Skelton also added a routine he had been performing since 1928. Originally called "Mellow Cigars", the skit entailed an announcer who became ill as he smoked his sponsor's product. Brown and Williamson, the makers of cigarettes, asked Skelton to change some aspects of the skit; he renamed the routine "Guzzler's Gin", where the announcer became inebriated while sampling and touting the imaginary sponsor's wares.[89] While the traditional radio program called for its cast to do an audience warm-up in preparation for the broadcast, Skelton did just the opposite. After the regular radio program had ended, the show's guests were treated to a post-program performance. He would then perform his "Guzzler's Gin" or any of more than 350 routines for those who had come to the radio show. He updated and revised his post-show routines as diligently as those for his radio program. As a result, studio audience tickets for Skelton's radio show were in high demand; there were times where up to 300 people needed to be turned away for lack of seats.[30][90]

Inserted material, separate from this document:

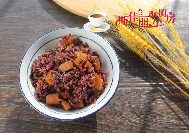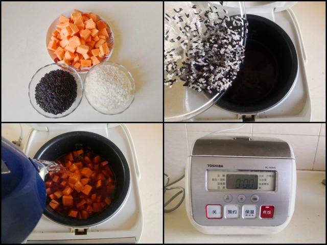 制作过程: 将红薯去皮后切成小丁备用。 将紫米和梗米混合后洗净放入电饭煲中,加入准备好的红薯丁,再加入适量的水,按下电饭煲上煮米饭的功能键, 时间到,“红薯紫米饭”就煮好了。
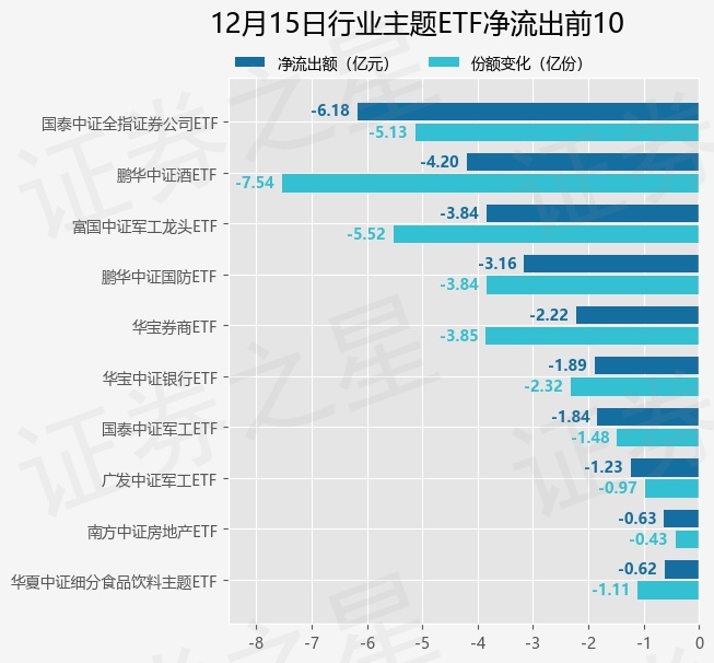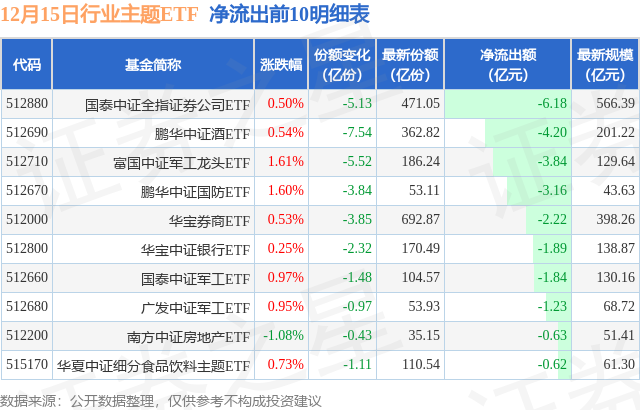 当日有114只行业主题ETF基金出现资金净流出,其中净流出排首位的是国泰中证全指证券公司ETF(512880),份额减少了5.13亿份,净流出额为6.18亿元。

In 1942, Edna announced that she was leaving Skelton but would continue to manage his career and write material for him. He did not realize she was serious until Edna issued a statement about the impending divorce through NBC.[91] They were divorced in 1943, leaving the courtroom arm in arm.[92][93] The couple did not discuss the reasons for their divorce and Edna initially prepared to work as a script writer for other radio programs. When the divorce was finalized, she went to New York, leaving her former husband three fully prepared show scripts. Skelton and those associated with him sent telegrams and called her, asking her to come back to him in a professional capacity.[94][95][o] Edna remained the manager of the couple's funds because Skelton spent money too easily. An attempt at managing his own checking account that began with a $5,000 balance, ended five days later after a call to Edna saying the account was overdrawn. Skelton had a weekly allowance of $75, with Edna making investments for him, choosing real estate and other relatively stable assets.[30] She remained an advisor on his career until 1952, receiving a generous weekly salary for life for her efforts.[97]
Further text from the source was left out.